The rotator cuff is a group of four muscles and their tendons that surround the shoulder joint, providing stability and facilitating movement, such as lifting and rotating the arm. When these tendons tear, it can severely limit arm function and cause persistent pain. While non-surgical methods like physical therapy and injections are often the first approach, surgery becomes necessary when a full-thickness tear is present or when conservative treatment fails. The goal of the surgical procedure is to reattach the torn tendon securely to the upper arm bone (humerus) to restore the shoulder’s natural mechanics.
Selecting the Surgical Method
A surgeon’s choice of technique is determined by several factors, including the size of the tendon tear, the quality of the remaining tendon tissue, and the overall complexity of the injury. Three surgical approaches are used to gain access to the damaged area and perform the repair. The most frequently utilized method is arthroscopic repair, which is minimally invasive, using a small camera (arthroscope) and specialized instruments inserted through several small incisions, each typically about a centimeter long. This approach is favored for its reduced muscle disruption, which can lead to less post-operative pain and a quicker initial recovery period.
For larger tears, or those requiring slightly more direct visualization, the surgeon may select a mini-open repair. This technique combines the use of the arthroscope for initial assessment and preparation with a slightly larger incision, often 3 to 5 centimeters, to complete the final tendon reattachment. The mini-open method is an effective compromise, offering better access than a purely arthroscopic procedure while still minimizing the extensive muscle cutting required in a traditional operation.
The third option is traditional open repair, which involves a single, larger incision, providing the surgeon with a direct view of the entire shoulder joint. This method is reserved for the most complex cases, such as massive, retracted tears or when additional procedures like a tendon transfer are necessary. The choice among these three methods dictates how the surgeon accesses the joint, but the fundamental steps of repairing the tendon remain consistent.
Repairing the Tendon
Regardless of the surgical approach used to access the joint, the first phase of the actual repair involves preparing the site for reattachment. The surgeon must first perform a thorough inspection and debridement, which involves removing any frayed or damaged tendon tissue and smoothing the edges of the tear. This preparation also includes addressing any bony irregularities, such as removing bone spurs (osteophytes) from the underside of the acromion, a process called acromioplasty, to create more space for the repaired tendon.
The next step is securing the torn tendon back to the head of the humerus, which is achieved through the use of specialized medical devices called suture anchors. These small implants, often made from a strong, biodegradable plastic, are carefully placed into the bone at the site where the tendon naturally attaches. Each anchor is pre-loaded with high-strength sutures that act as the threads to pull the tendon back into place.
The surgeon uses specialized instruments to pass these sutures through the torn tendon. Once woven through, the sutures are pulled taut and tied, cinching the torn tissue back down against the prepared bone surface. This creates a secure mechanical fixation that holds the tendon in position while the body’s natural healing process takes place. If the biceps tendon is also damaged, a concurrent procedure like a biceps tenodesis may be necessary before final closure.

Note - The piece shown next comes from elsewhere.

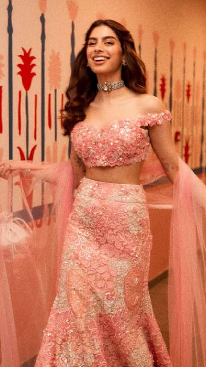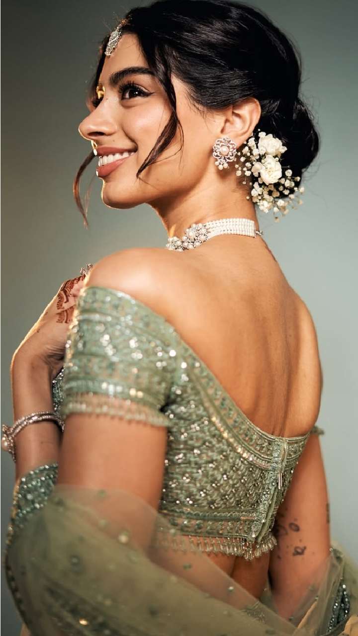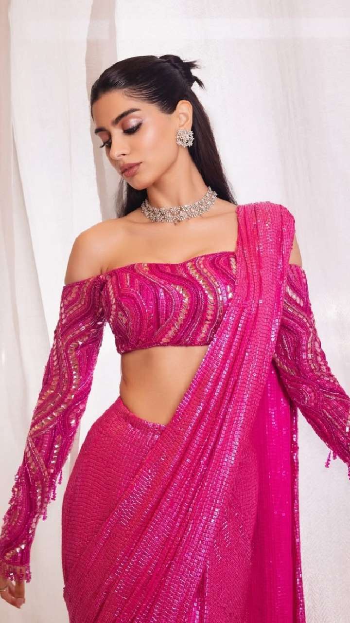 खुशी कपूर का यह ब्लाउज इस सीक्वेंस साड़ी के साथ काफी ज्यादा सूट के रहा है। इसके साथ उन्होंने डबल लेयर चोकर, टॉप्स और हॉफ ओपन हेयर बनाए हैं।
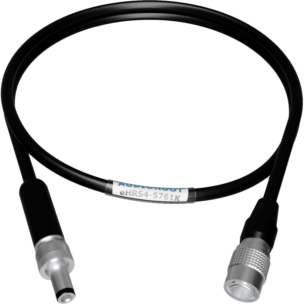Draw power from your AUDIOROOT batteries and power distributors with the 4-Pin Hirose Male to Switchcraft S761K Power Cable. The cable has a male 4-pin Hirose connector on one end and a 2.1mm ID, locking long-barrel Switchcraft 761K connector on the other.

Immediate Post-Procedure Care
Immediately following the procedure, the patient is moved into a recovery area where the focus shifts to controlling pain and protecting the delicate repair. A significant component of pain management is the use of a nerve block, an injection of long-acting numbing medication near the nerves of the neck or shoulder that can provide profound pain relief for many hours after the surgery. As the nerve block gradually wears off, the patient transitions to oral pain medications, often a combination of narcotic and non-narcotic drugs, to manage the discomfort.
Protecting the healing tendon requires strict immobilization of the arm in a specialized sling, often with an attached pillow for positioning. Patients are instructed to wear this sling continuously for four to six weeks to prevent any active movement of the shoulder that could jeopardize the repair. During this initial period, patients must avoid any active lifting, reaching, or supporting their body weight with the operative arm.
Managing the incision sites is a priority to prevent infection. Patients are instructed on keeping the dressings clean and dry, and they are advised not to submerge the surgical site in water until approved. The first follow-up appointment usually occurs within seven to fourteen days, where the surgeon examines the wound, removes any non-dissolvable sutures, and transitions the patient toward the next phase of recovery.
Rehabilitation and Recovery Timeline
The journey back to full shoulder function follows a structured, phased rehabilitation program. The initial period, lasting approximately six weeks, focuses on passive range of motion, where a physical therapist gently moves the arm without the patient engaging the repaired muscles. This phase prevents stiffness while protecting the tendon-to-bone attachment.
Around six weeks after the procedure, patients progress to the active range of motion phase, where they begin moving the arm on their own, initiating muscle contraction. The final phase, typically starting at three to four months post-surgery, is the strengthening phase, which rebuilds the power and endurance of the rotator cuff muscles. While many patients regain adequate function within four to six months, full recovery and return to vigorous activities can take six months to a year, depending on the original tear size and individual healing factors.